Editors’ notes Chemical engineers at the U. of I. have developed a new metric for understanding how soft materials yield to stress—an advancement that will help solve various materials engineering challenges, such as how to formulate better 3D printing inks. Credit: Oak Ridge National Laboratory
The mechanics behind the collapse of soft materials structure have befuddled researchers for decades. In a new study, researchers uncover a metric that finally correlates microscopic-level processes with what is seen at the macroscopic level.
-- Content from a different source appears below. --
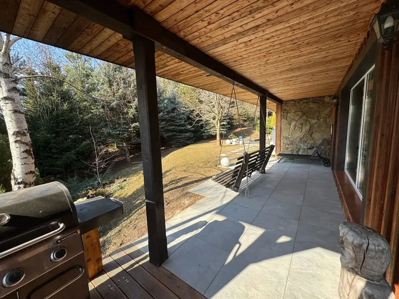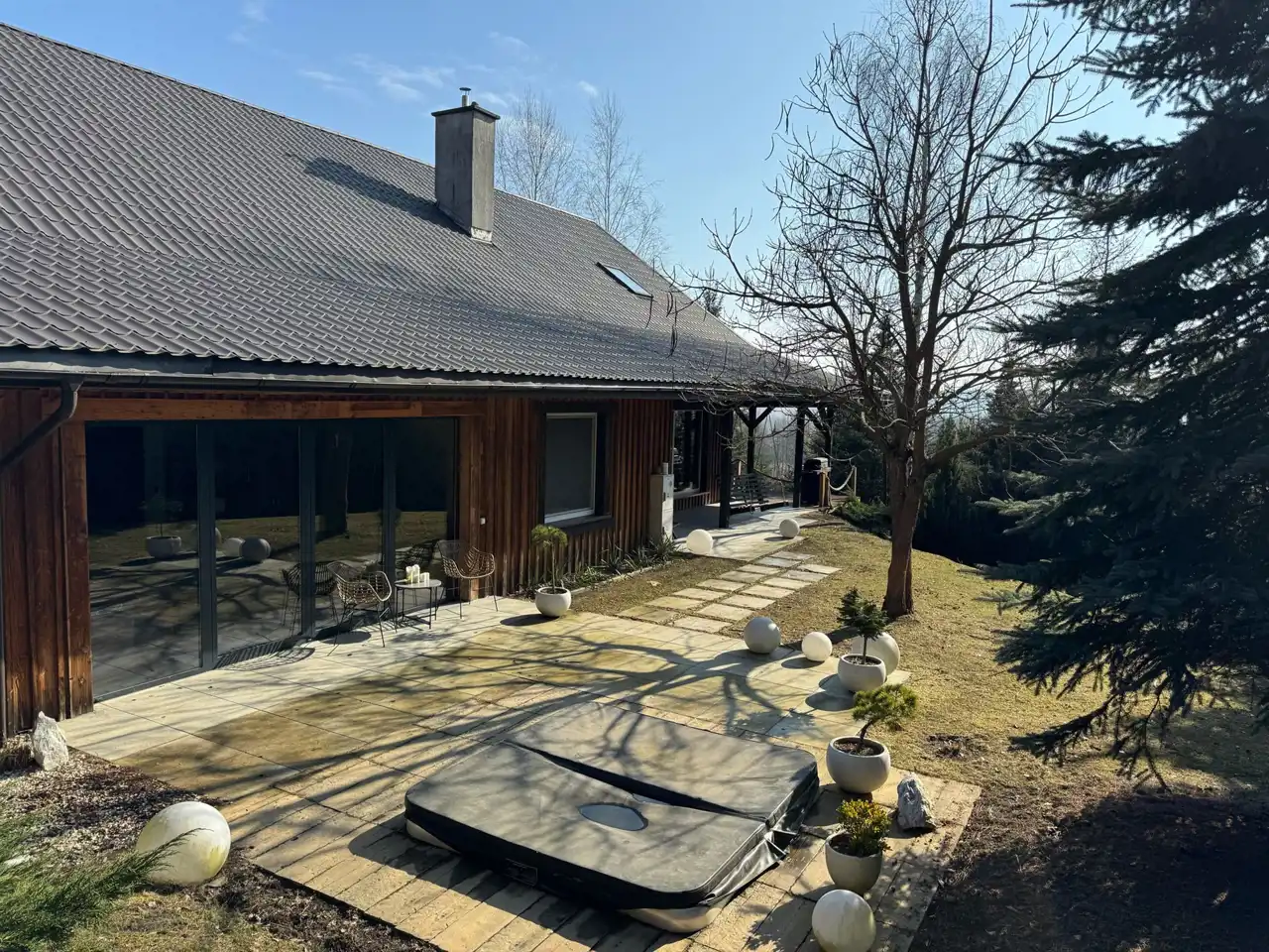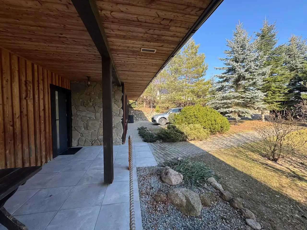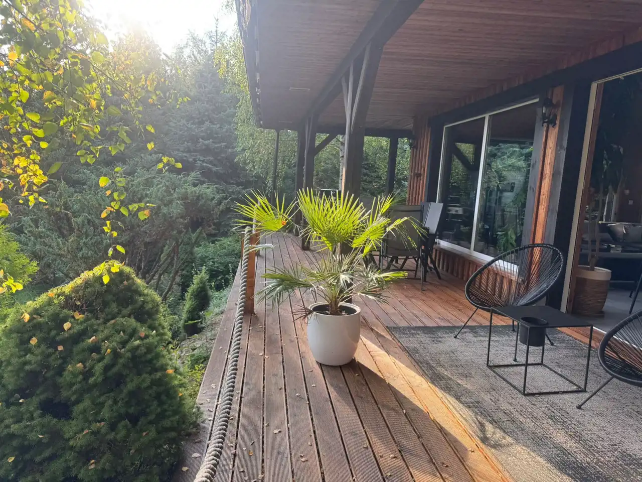 Piękne obszerne tarasy zadaszone, jadalnia na zewnątrz, sauna w części mieszkalnej, jacuzzi wkomponowane w taras zewnętrzny, a do tego olbrzymia część ogrodu pokryta starymi drzewami iglastymi.

The new metric is poised to help bring advances to various materials engineering challenges—ranging from the formulation of better 3D printing inks, the construction of wearable flexible electronics and sensors, the accurate printing of biomedical implants, to helping control landslides and avalanches, and even improving the textures of processed foods and personal care products, the researchers said.
A team of chemical engineers from the University of Illinois Urbana-Champaign has made many advances in understanding how soft materials fail—or yield—to force. However, connecting the team’s larger-scale observations to what is happening at the microscale level has remained elusive.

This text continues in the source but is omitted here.